A footnote takes aim at a report by KPMG that suggested that the market could absorb the projected units by 2019.

Remember, in her 3/10/10 decision, Friedman wrote, on p. 9:
KPMG concluded that FCRC's residential absorption rate estimates were supported by current market data for condominiums...
But they weren't supported by current market data, because the market data was a lie. As I wrote 3/30/10, while KPMG said that the Oro condo development had sold 75% of its units by the time of the report last August, a 3/29/10 press release indicated that the development had finally reached the halfway mark. And a New York Times article demolished KPMG's claims regarding sales of Richard Meier's One Prospect Park.

Butzel's affirmation states:
For a case in which a court required an agency to reevaluate its conclusions because a report it relied on was wrong, see Hudson River Fisherman's [sic] Ass'n v. Federal Power Commission (2d Cr. 1974).
In that case, the court said:
If, after adequate hearings and expert consideration, the Commission had decided that conclusions reached in the Study Report were correct, this court would be bound by that finding, if supported by substantial evidence, but the petitioners have demonstrated such a grave probability of error that the Commission cannot excuse itself from its obligation under Scenic Hudson I by simply submitting an unsworn statement in a letter from one of the authors of the disputed report as ample evidence to rebut the claimed inaccuracy.
What does "commercially reasonable" mean?

The affirmation also takes aim at the term "commercially reasonable efforts," noting that the term shows up only 12 times in a Lexis review of cases, and none of them are remotely similar:
There is no clear meaning, in short, of what the phrase means. However, can there be any doubt that if the capital markets are restricted, it would be "commercially reasonable" for FCRC to hold off proceeding with development? Yet that is exactly the situation the developer finds itself in now and precisely the reason that it is delaying the start of construction of any components of the Project other than the Arena. And if, as appears to be the case, affordable housing subsidies are not available over the next 10 years in the full amount FCRC requires to buid the 2,250 units it has committed to, can it be doubted that it will be excused from construction some or all of those units on the basis that even using "commercially reasonable efforts," it could not have been in a position to develop them?
Has the horse left the barn?

In the end of her opinion, Friedman suggested, as summarized by Butzel, "that work was already so far advanced that the courts could not fairly intervene at this point."

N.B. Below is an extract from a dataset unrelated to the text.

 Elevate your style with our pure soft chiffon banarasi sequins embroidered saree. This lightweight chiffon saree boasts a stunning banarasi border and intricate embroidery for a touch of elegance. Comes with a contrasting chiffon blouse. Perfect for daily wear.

But most of the money has been spent on the arena--thus making it "entirely appropriate" to require a review of the potential negative impacts of the buildout of the rest of the project and for the project to be modified to reduce those impacts.

25 years or more

While the project could take 25 years, 2035 "is not actually the outside completion date," according to Butzel, because of Unavoidable Delays," including the lack of affordable housing subsidies, labor troubles, or the inability to secure materials or supplies--all likely to occur.

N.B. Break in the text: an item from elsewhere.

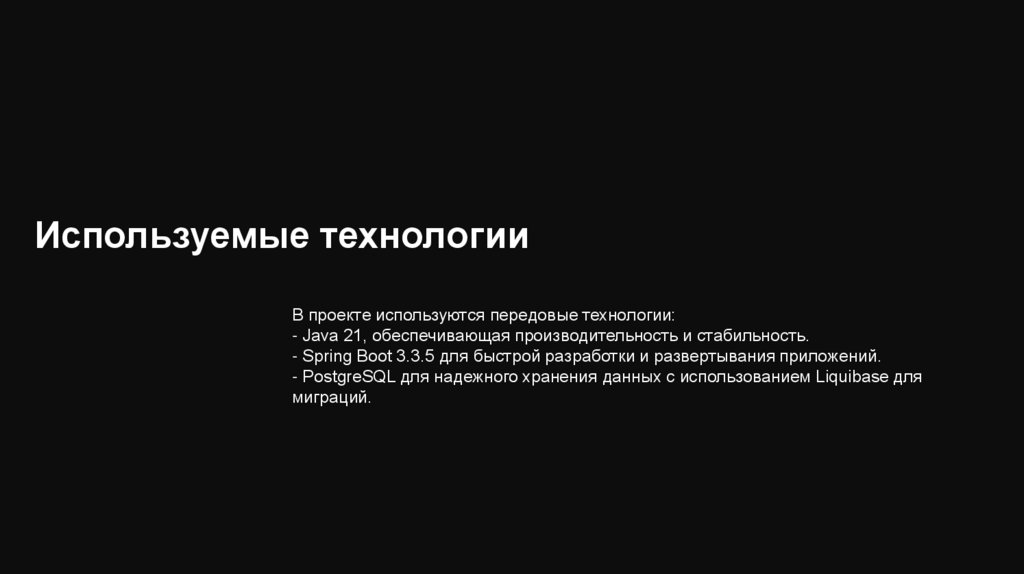 - PostgreSQL для надежного хранения данных с использованием Liquibase для

Moreover, given the 12-year deadline for Phase 1, it's unlikely the project would be built in ten years.. The platform over the railyard need not begin for 15 years.

Where are the penalties?

While there are penalties, the only significant ones relate to the failure to build the arena quickly. A penalty of $5 million a year to start one of three required Phase 1 towers is "a pittance" compared to the total project and "probably less than the amount of interest during construction that would be paid if that building was underway."

Other failures to meet scheduling requirements seem to be only $1000 a day:
Here, too, the impression given in the MGPP and reinforced by FCRC's counsel at oral argument was, at the very least, misleading and significantly undercuts the claim that the penalty provisions included in the [Development Agreement] and the individual leases for the building to be constructed as components of the Project would have the effect of causing FCRC to meet a construction schedule that would assure completion of the entire Project by the end of 2019.